На второй день на их участке марокканцы форсировали Мансанарес и просочились в Университетский городок. Это очень опасно. Теперь фашисты — в черте города. Анархисты дали Хунте торжественное обещание исправить положение. Никто в это не верит. А сегодня утром они вдруг потребовали вывести их на отдых. Чудовищно!

— А какую позицию занимает Дуррути? — спросил я. Хаджи задумчиво мял свой берет.

— Понимаешь, — сказал он, — я полюбил его. Вот полюбил, и все. Верю в его честность.
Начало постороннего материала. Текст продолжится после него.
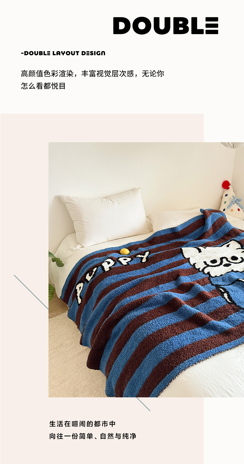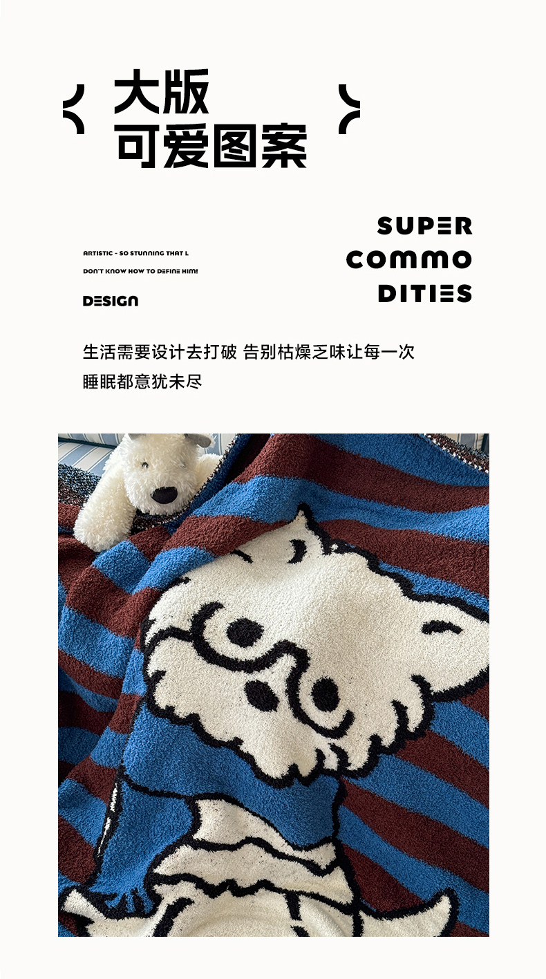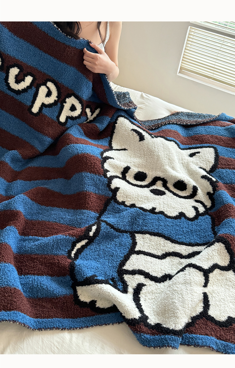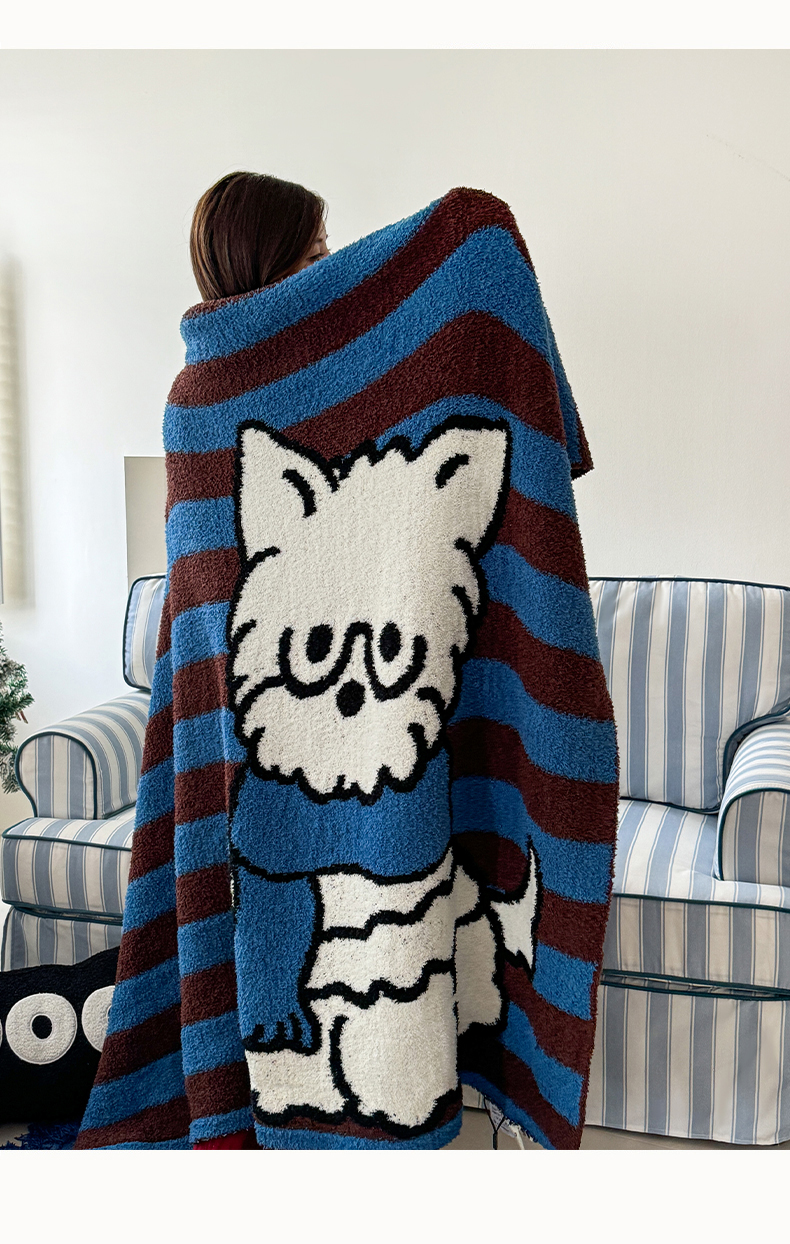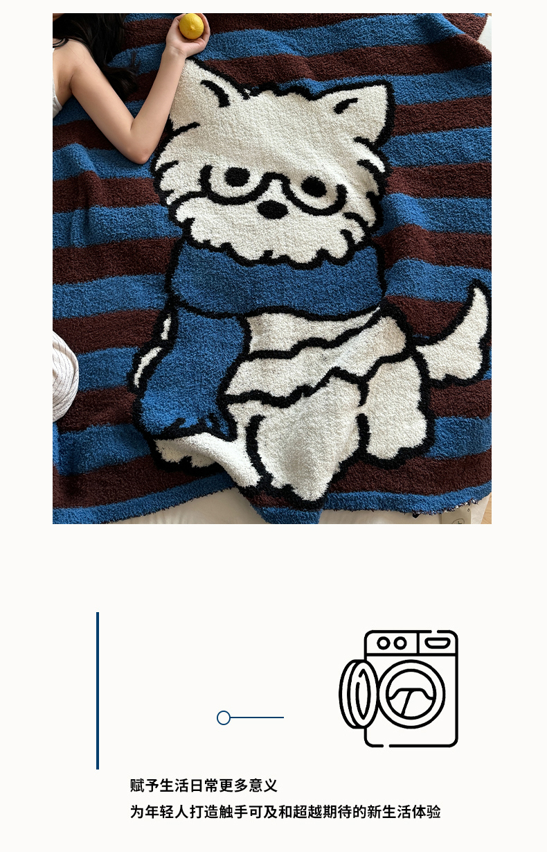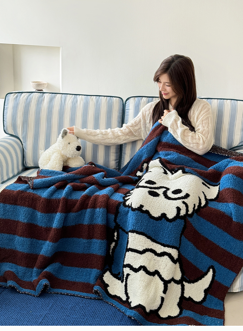 商品名称:丹本家纺 2025新款设计师原创多功能针织半边绒毛毯午休毯盖毯加厚毯子 蓝条绅士狗

Он по-настоящему ненавидит фашистов, горячо любит Испанию. Но в каком он ужасном окружении! Меня иногда пугает его трагическая обреченность. В минуты откровенности он не в силах скрыть от меня своего отвращения ко многим авантюристам и негодяям, которые, как он говорит, позорят чистые его идеи. Вот я убежден, что он противник отвода бригады в тыл. Я еду к нему сейчас, хочешь, поедем вместе?

Особняк на тихой улице Мадрида, обсаженный большими развесистыми деревьями. Он принадлежал древнему аристократическому роду. Хозяева, конечно, удрали. По мраморной лестнице мы с Хаджи поднялись в бельэтаж, прошли по большому залу, обтянутому темно-зеленой шелковой материей. На стенах полотна старых мастеров. Из полумрака на нас смотрят глаза далеких предков хозяина дома. У дверей — рыцари в латах. Горят люстры. Нога утопает в мягких коврах. Прошли анфиладой роскошных комнат, никого не встретив. Издалека мы услышали стук пишущей машинки и, наконец, попали в комнату, где разместилась канцелярия штаба бригады. Массивная дверь из черного дуба охраняется четырьмя здоровенными парнями. У каждого по два маузера. Нас провели в кабинет, где Дуррути диктовал что-то машинистке. Он порывисто встал и, кинувшись навстречу Хаджи, долго пожимал ему руку, словно боясь ее выпустить. Он очень нервен. Его черные глаза, всегда светящиеся неистовыми вспышками, сейчас излучали еле уловимую грусть и растерянность.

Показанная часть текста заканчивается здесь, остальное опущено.